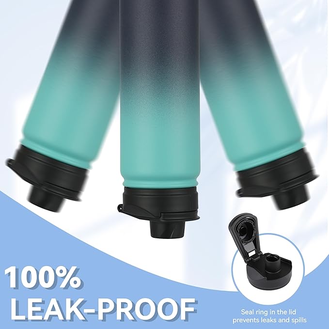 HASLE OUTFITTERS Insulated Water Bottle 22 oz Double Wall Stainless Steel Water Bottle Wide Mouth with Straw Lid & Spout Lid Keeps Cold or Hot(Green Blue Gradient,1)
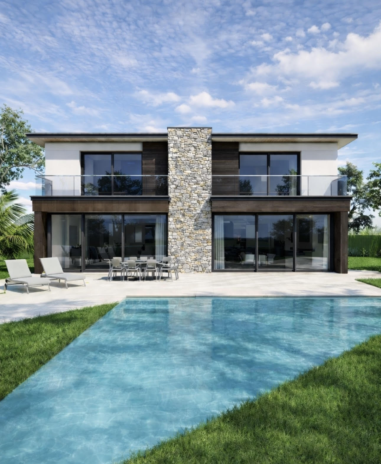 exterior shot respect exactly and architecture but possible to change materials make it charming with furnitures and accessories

====================

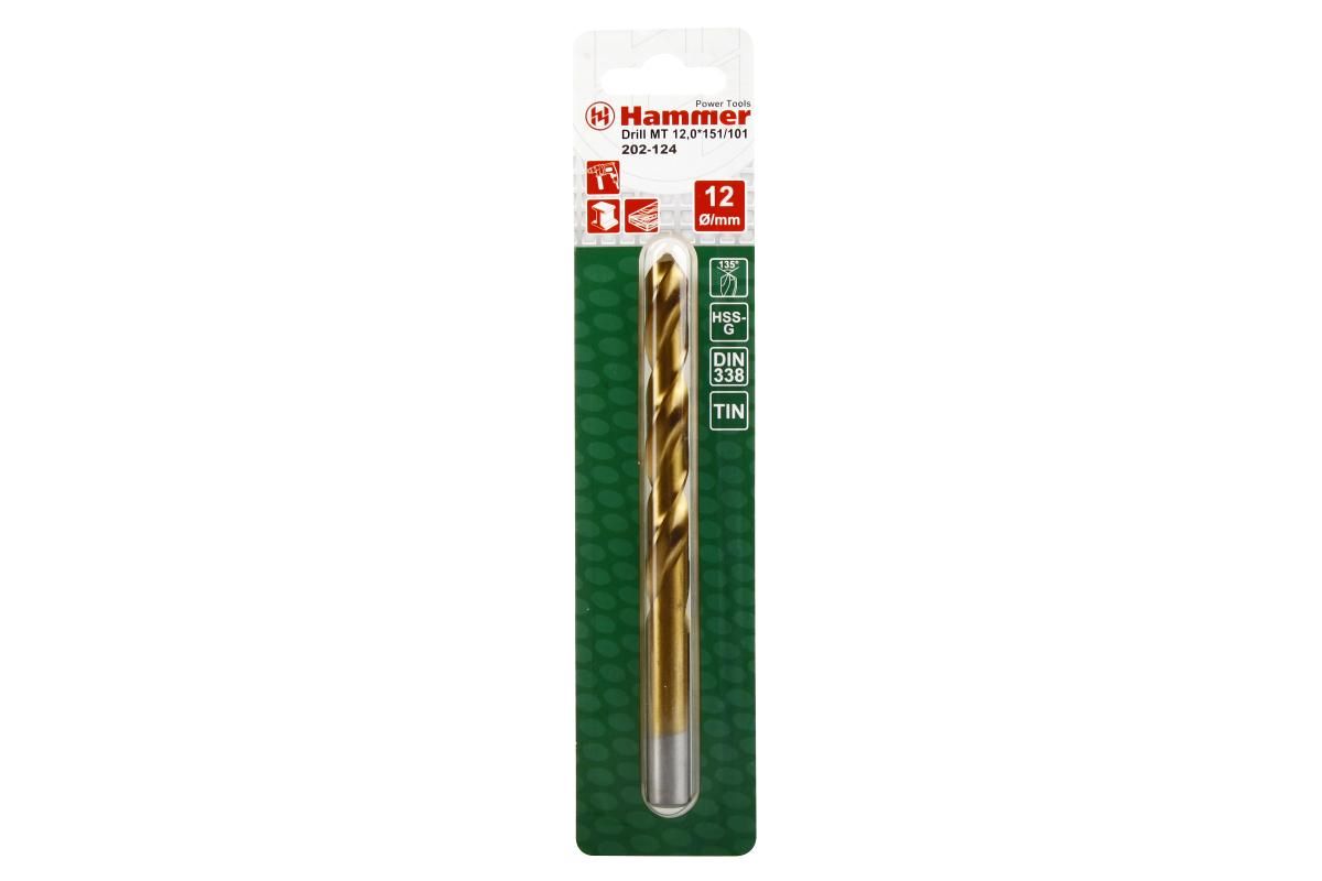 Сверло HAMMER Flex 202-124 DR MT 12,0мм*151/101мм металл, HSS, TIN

====================

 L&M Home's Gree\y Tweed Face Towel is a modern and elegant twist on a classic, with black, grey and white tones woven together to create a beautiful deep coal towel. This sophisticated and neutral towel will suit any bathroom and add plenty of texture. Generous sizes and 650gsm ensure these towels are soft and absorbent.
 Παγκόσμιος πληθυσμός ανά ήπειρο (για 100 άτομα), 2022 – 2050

====================

● **Your assignment**: Return exactly the part of the listing above that opens with the line containing "HASLE OUTFITTERS Insulated" and closes with the line containing "exterior shot respect". Pictures stay out.

● **Reply to the task**:
 HASLE OUTFITTERS Insulated Water Bottle 22 oz Double Wall Stainless Steel Water Bottle Wide Mouth with Straw Lid & Spout Lid Keeps Cold or Hot(Green Blue Gradient,1)
 exterior shot respect exactly and architecture but possible to change materials make it charming with furnitures and accessories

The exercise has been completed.